**WORK TO COMPLETE**
Repeat the lines from the one containing "Campus employees have" through the end of the listing exactly, both ends included. Do not carry over any pictures.

**INPUT DATA**
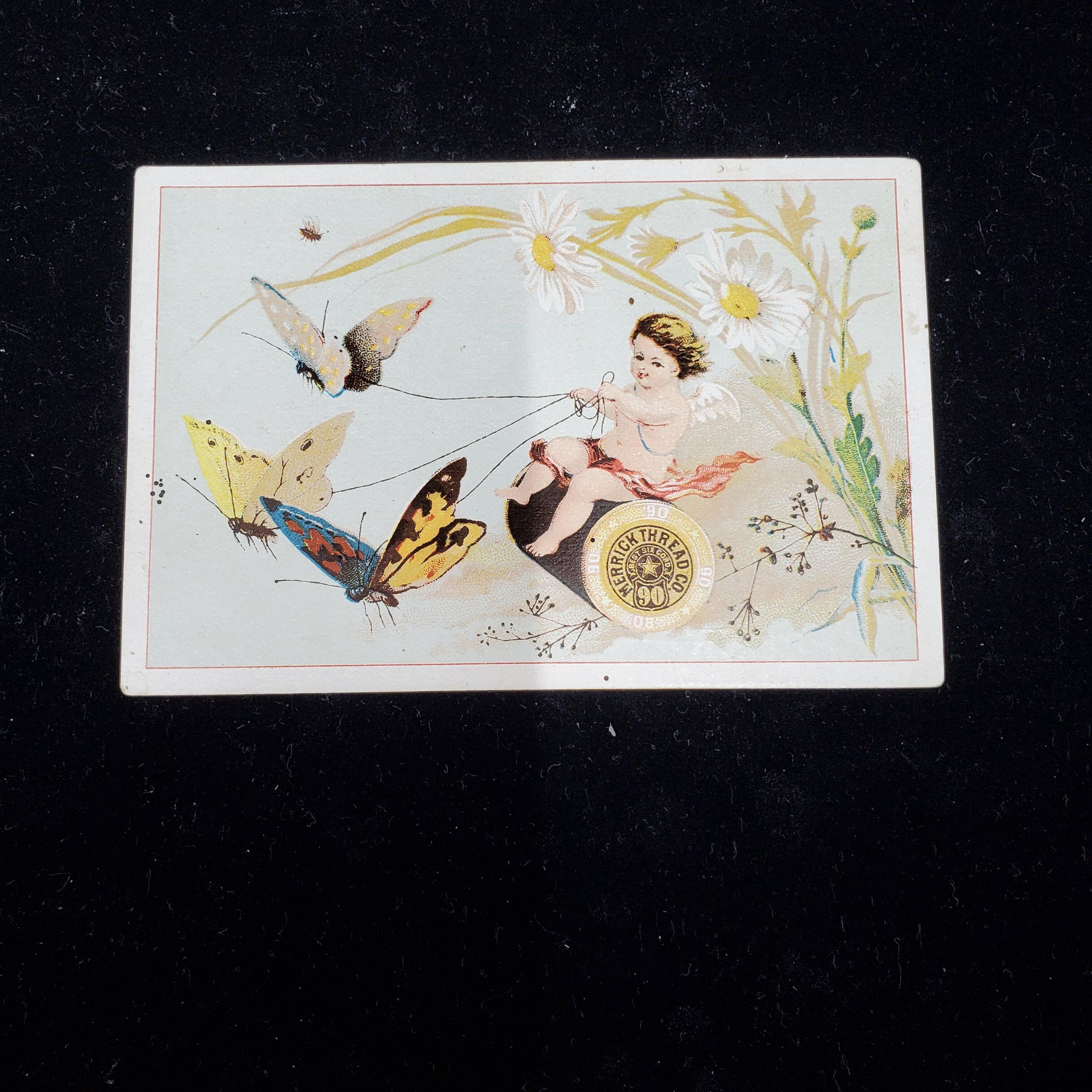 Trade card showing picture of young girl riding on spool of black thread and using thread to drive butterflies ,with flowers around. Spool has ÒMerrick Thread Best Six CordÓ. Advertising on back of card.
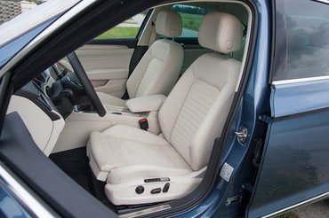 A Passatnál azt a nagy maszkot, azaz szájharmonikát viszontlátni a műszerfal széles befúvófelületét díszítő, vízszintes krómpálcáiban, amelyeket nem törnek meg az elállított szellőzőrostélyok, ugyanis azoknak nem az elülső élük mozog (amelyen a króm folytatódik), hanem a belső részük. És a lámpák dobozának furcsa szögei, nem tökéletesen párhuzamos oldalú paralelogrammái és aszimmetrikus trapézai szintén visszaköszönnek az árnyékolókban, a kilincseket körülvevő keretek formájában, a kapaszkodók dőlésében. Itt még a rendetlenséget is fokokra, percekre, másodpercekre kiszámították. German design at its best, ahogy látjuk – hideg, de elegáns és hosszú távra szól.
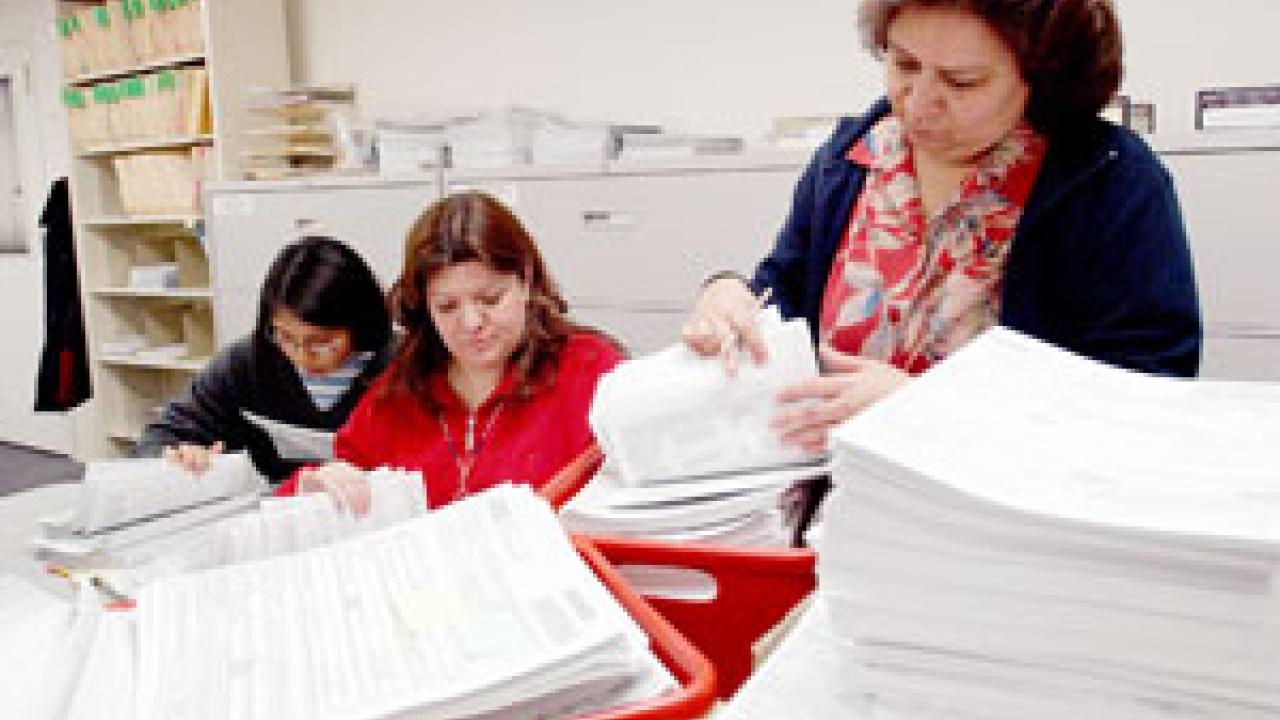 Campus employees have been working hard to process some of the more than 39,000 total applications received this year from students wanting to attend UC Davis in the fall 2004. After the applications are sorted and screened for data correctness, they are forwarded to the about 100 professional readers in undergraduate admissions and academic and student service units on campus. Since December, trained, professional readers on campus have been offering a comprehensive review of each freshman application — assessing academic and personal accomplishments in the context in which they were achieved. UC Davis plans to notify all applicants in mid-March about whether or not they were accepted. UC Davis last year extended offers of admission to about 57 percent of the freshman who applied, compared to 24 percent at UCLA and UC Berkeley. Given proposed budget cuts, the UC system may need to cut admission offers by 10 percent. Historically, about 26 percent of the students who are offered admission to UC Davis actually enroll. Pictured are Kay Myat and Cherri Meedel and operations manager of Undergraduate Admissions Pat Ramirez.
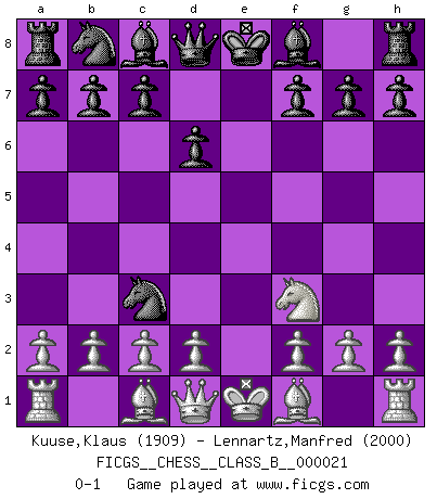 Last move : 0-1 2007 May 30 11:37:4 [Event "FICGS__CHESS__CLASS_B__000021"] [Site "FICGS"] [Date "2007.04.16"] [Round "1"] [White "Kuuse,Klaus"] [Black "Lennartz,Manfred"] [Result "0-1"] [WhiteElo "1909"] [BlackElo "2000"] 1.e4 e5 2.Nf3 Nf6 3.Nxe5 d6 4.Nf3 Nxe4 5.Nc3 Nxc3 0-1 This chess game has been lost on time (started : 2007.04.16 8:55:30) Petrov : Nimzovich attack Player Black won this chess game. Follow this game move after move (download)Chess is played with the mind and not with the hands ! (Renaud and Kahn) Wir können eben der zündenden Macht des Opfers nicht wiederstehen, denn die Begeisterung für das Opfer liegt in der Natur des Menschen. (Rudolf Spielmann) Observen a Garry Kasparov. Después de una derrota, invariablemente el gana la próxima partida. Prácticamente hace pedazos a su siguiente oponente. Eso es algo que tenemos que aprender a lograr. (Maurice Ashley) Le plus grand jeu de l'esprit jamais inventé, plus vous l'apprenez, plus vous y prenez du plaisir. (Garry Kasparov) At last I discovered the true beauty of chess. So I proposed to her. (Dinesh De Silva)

**RESPONSE TO THIS EXERCISE**
 Campus employees have been working hard to process some of the more than 39,000 total applications received this year from students wanting to attend UC Davis in the fall 2004. After the applications are sorted and screened for data correctness, they are forwarded to the about 100 professional readers in undergraduate admissions and academic and student service units on campus. Since December, trained, professional readers on campus have been offering a comprehensive review of each freshman application — assessing academic and personal accomplishments in the context in which they were achieved. UC Davis plans to notify all applicants in mid-March about whether or not they were accepted. UC Davis last year extended offers of admission to about 57 percent of the freshman who applied, compared to 24 percent at UCLA and UC Berkeley. Given proposed budget cuts, the UC system may need to cut admission offers by 10 percent. Historically, about 26 percent of the students who are offered admission to UC Davis actually enroll. Pictured are Kay Myat and Cherri Meedel and operations manager of Undergraduate Admissions Pat Ramirez.
 Last move : 0-1 2007 May 30 11:37:4 [Event "FICGS__CHESS__CLASS_B__000021"] [Site "FICGS"] [Date "2007.04.16"] [Round "1"] [White "Kuuse,Klaus"] [Black "Lennartz,Manfred"] [Result "0-1"] [WhiteElo "1909"] [BlackElo "2000"] 1.e4 e5 2.Nf3 Nf6 3.Nxe5 d6 4.Nf3 Nxe4 5.Nc3 Nxc3 0-1 This chess game has been lost on time (started : 2007.04.16 8:55:30) Petrov : Nimzovich attack Player Black won this chess game. Follow this game move after move (download)Chess is played with the mind and not with the hands ! (Renaud and Kahn) Wir können eben der zündenden Macht des Opfers nicht wiederstehen, denn die Begeisterung für das Opfer liegt in der Natur des Menschen. (Rudolf Spielmann) Observen a Garry Kasparov. Después de una derrota, invariablemente el gana la próxima partida. Prácticamente hace pedazos a su siguiente oponente. Eso es algo que tenemos que aprender a lograr. (Maurice Ashley) Le plus grand jeu de l'esprit jamais inventé, plus vous l'apprenez, plus vous y prenez du plaisir. (Garry Kasparov) At last I discovered the true beauty of chess. So I proposed to her. (Dinesh De Silva)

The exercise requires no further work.